> PROBLEM STATEMENT: What lines in the data hold the string "gnat"? Show them.

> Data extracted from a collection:
-- Opening Marker --
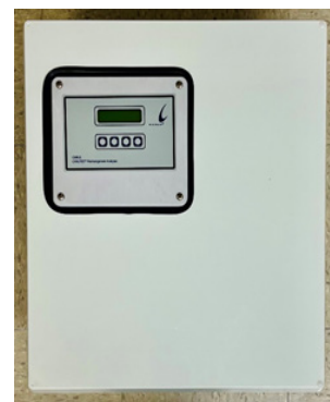
CARUTEST® Permanganate Analyzer
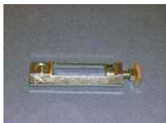
15MC 099D084 Milling T-Slot Connector No machining required. Clean, Flush look Use with 8mm or 5/16" slot profiles
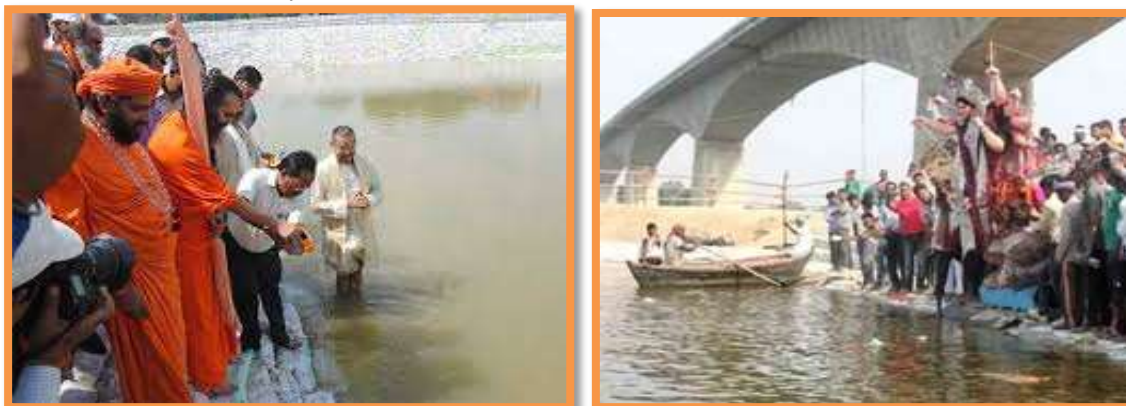
Figure 4: Performing Idol immersion in Ganga Sarovar after initiated rituals
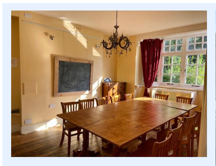
Café dining area
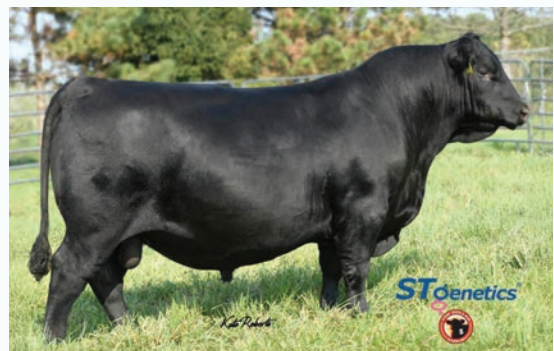
POSS Winchester SERVICE SIRE
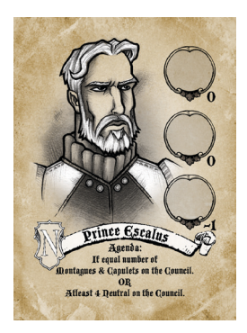
Example "Prince Escalus" Influence markers are placed on the "Influence" areas and count as points if the Agenda condition is met.

NOTE: It is advisable to select at least one Influence card.
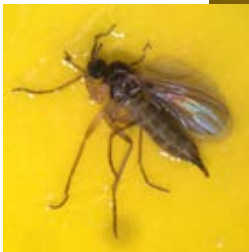
Fungus gnat, highly magnified

gnat infestation, the life cycle must be broken. This can be done by removing the fungus in which they breed, while simultaneously reducing the number of breeding and egg-laying adults. A non-chemical approach is to reduce the topsoil moisture by less frequent watering, drying out the soil and changing the plant medium to provide better drainage.
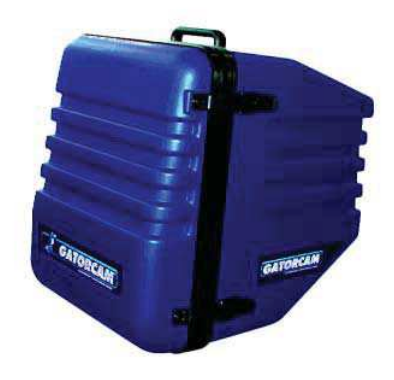
Rugged, Control Box
-- Closing Marker --
> RESPONSE TO THE EXERCISE:
Fungus gnat, highly magnified
gnat infestation, the life cycle must be broken. This can be done by removing the fungus in which they breed, while simultaneously reducing the number of breeding and egg-laying adults. A non-chemical approach is to reduce the topsoil moisture by less frequent watering, drying out the soil and changing the plant medium to provide better drainage.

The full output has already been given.